Behind the Headlines

MATLAB and Simulink behind today’s news and trends

Robot quickly teaches itself to walk using reinforcement learning 6

Posted by Lisa Harvey,

A team of researchers from the University of Southern California’s Valero Lab built a relatively simple robotic limb that accomplished something simply amazing: The 3-tendon, 2-joint robotic leg taught itself how to move. Yes, autonomous learning via trial and error.

The team was led by Professor Francisco Valero-Cuevas and doctoral student Ali Marjaninejad. Their research was featured on the cover of the March issue of Nature Machine Intelligence.

 

Valero Lab’s new robotic limb. Image Credit: USC.

The robotic limb is not programmed for a specific task. It learns autonomously first by modeling its own dynamic properties and then using a form of artificial intelligence (AI) known as reinforcement learning. Instead of weeks upon weeks of coding, the robotic leg is able to teach itself to move in just minutes.

Inspired by nature

Roboticists have long been inspired by nature, since, let’s face it, Mother Nature has spent a long time perfecting her designs. Today, we see robots that walk like spiders and underwater robots inspired by sea snakes.

Bioinspiration also affects the way robots “think,” thanks to AI that mimics the way living organisms’ nervous systems process information. For example, artificial neural networks (ANNs) have been used to copy an insect’s brain structure to improve computer recognition of handwritten numbers.

For this project, the design took its cues from nature, both for the physical design of the leg and for the AI that helped the leg “learn” to walk. For the physical design, this robotic leg used a tendon architecture, much like the muscle and tendon structure that powers animals’ movements. The AI also took its inspiration from nature, using an ANN to help the robot learn how to control its movements. Reinforcement learning then utilized the understanding of the dynamics to accomplish the goal of walking on a treadmill.

Reinforcement learning and “motor babbling”

By combining motor babbling with reinforcement learning, the system attempts random motions and learns the properties of the system through the results of the motions. For this research, the team began by letting the system play at random, or motor babble, to learn the properties of the limb and its dynamics.

In an interview with PC Magazine, Marjaninejad stated, “We then give [the system] a reward every time it approaches good performance of a given task. In this case, moving the treadmill forward. This is called reinforcement learning as it is similar to the way animals respond to positive reinforcement.”

The resulting algorithm is called G2P, (general to particular).
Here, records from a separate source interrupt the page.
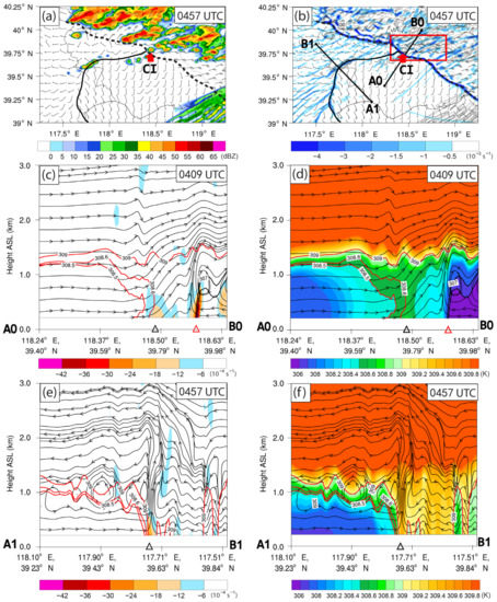 Figure 11c shows the evolutions of the averaged height, , and its three components along the backward trajectories of selected air parcels. During the 0442–0451 UTC, the twisting term increased significantly, and became remarkably greater than all the other terms, showing a sharp decreasing trend after 0451 UTC. The extension term revealed relatively weak positive contribution during 0445–0451 UTC, along with a very significant increasing trend after 0451 UTC. However, the horizontal curvature term showed relatively small positive effect on during 0448–0454 UTC, while it was almost negligible at other times. In general, the overall evolution of the during the early 10 min of the rapid lifting period was mainly affected by the vertical twisting term, while the extension term had a positive contribution to the during the last 12 min before CI. Especially, the extension term played a very significant positive role in the during the last 5 min before CI.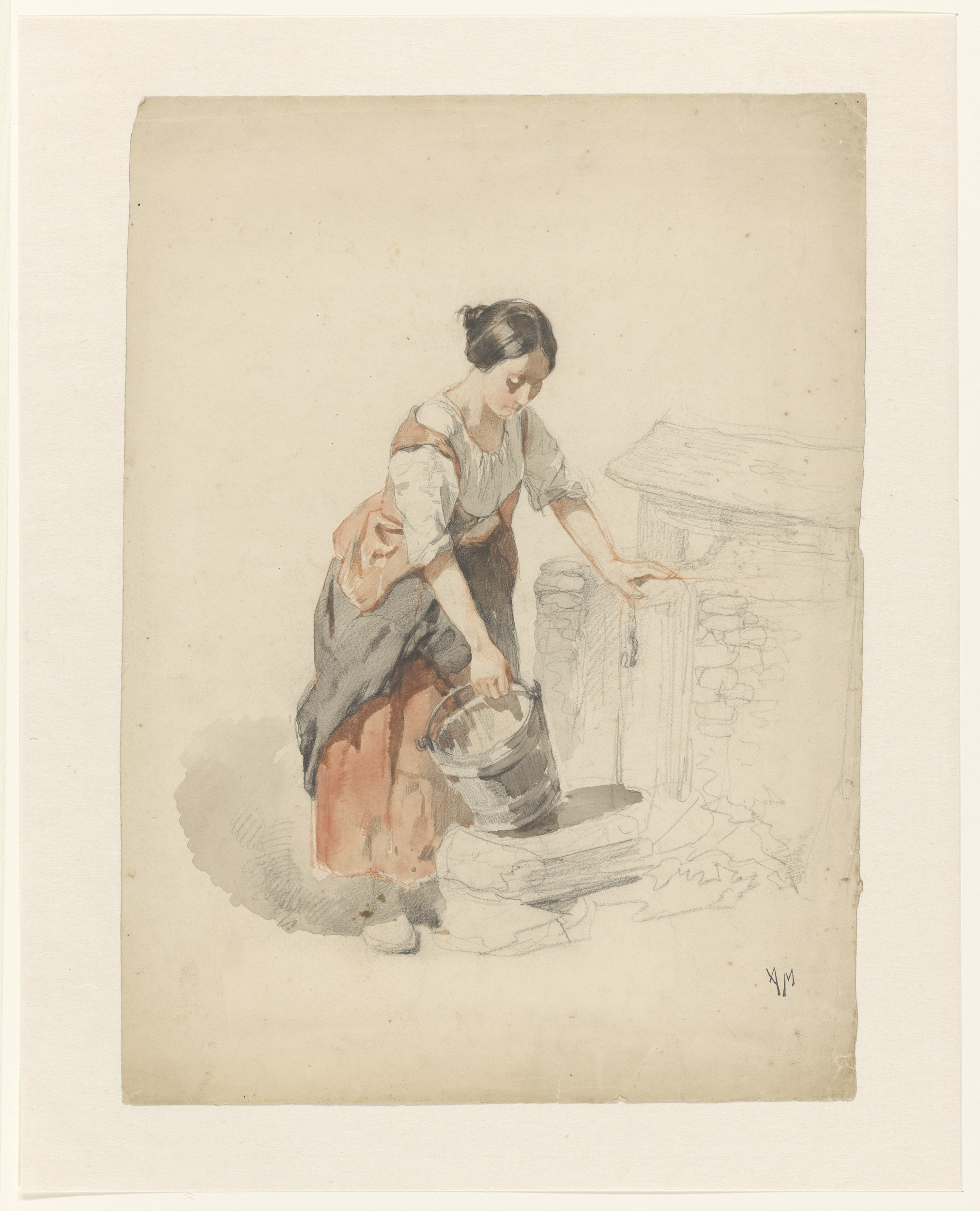 Jonge vrouw die een emmer vult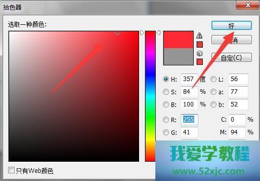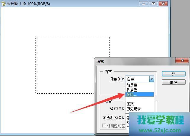 正在【拾色器】里拔取要填充的颜色,点击【好】,矩形选定区域就被填充好了。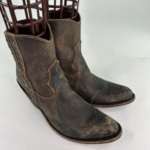 Liberty Black Snakeskin Studded ankle boots US 10.5 Brown R-Toe Western Cowboy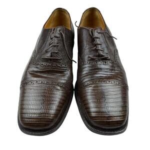 Julio Blanco Brown Lizard Embossed Oxford Dress Shoes 12

It replicates the “general” problem that biological nervous systems face when controlling limbs by learning from the movement that occurs when a tendon moves the limb. It is followed by reinforcement (rewarding) the behavior that is “particular” to the task. In this case, the task is successfully moving the treadmill.  The system creates a “general” understanding of its dynamics through motor babbling and then masters a desired “particular” task by learning from every experience, or G2P.

The results are impressive. The G2P algorithm can learn a new walking task by itself after only 5 minutes of unstructured play and then adapt to other tasks without any additional programming.

 

The G2P algorithm. Image Credit: Marjaninejad, et al.

 

The ANN uses the results from the motor babbling to create an inverse map between inputs (movement kinematics) and outputs (motor activations). The ANN updates the model based on each attempt made during the reinforcement learning phase to hone-in on the desired results. It remembers the best result each time, and if a new input creates a better result, it overwrites the model with the new settings.

Generating and training of ANNs was carried out using MATLAB and the Deep Learning Toolbox. The MATLAB code is available on the teams’ GitHub. The reinforcement learning algorithm was also written in MATLAB. A video of the robotic leg and the training results can be seen below.

 

 

 

 

6 CommentsOldest to Newest

HM replied on : 1 of 6
The idea of an algorithm updating itself to ‘learn’ is hard to fathom for someone unfamiliar with AI, but seeing it implemented in this model is very impressive and really drives home the message of the potential of AI.
Lisa Harvey replied on : 3 of 6
Hi David, You can download a free trial of the Reinforcement learning Toolbox from this page: https://www.mathworks.com/products/reinforcement-learning.html
Lisa Harvey replied on : 5 of 6
Figure 2 in the paper https://www.nature.com/articles/s42256-019-0029-0 describes the reward system. If you are interested in more detail, I recommend reaching out to the paper's authors. There's an email icon at the top of the paper.
Ali Marjaninejad replied on : 6 of 6
Dear RZD, thank you for your interest in our paper. The details on the reward mechanism is discussed on the paper at (https://www.nature.com/articles/s42256-019-0029-0) however, I would be more than happy to provide a summary of that for you here. Every time that the system performs an attempt, the amount it could move the treadmill is measured using a sensor (an encoder). This value (which we refer to as reward) then will be sent to the higher-level controller and compared with the previous rewards. The higher level-controller then will favor the behavior that yielded higher reward and will converge to those. I hope it could answer your question. Please let me know if you have any further questions and I will be more than happy to respond. Best.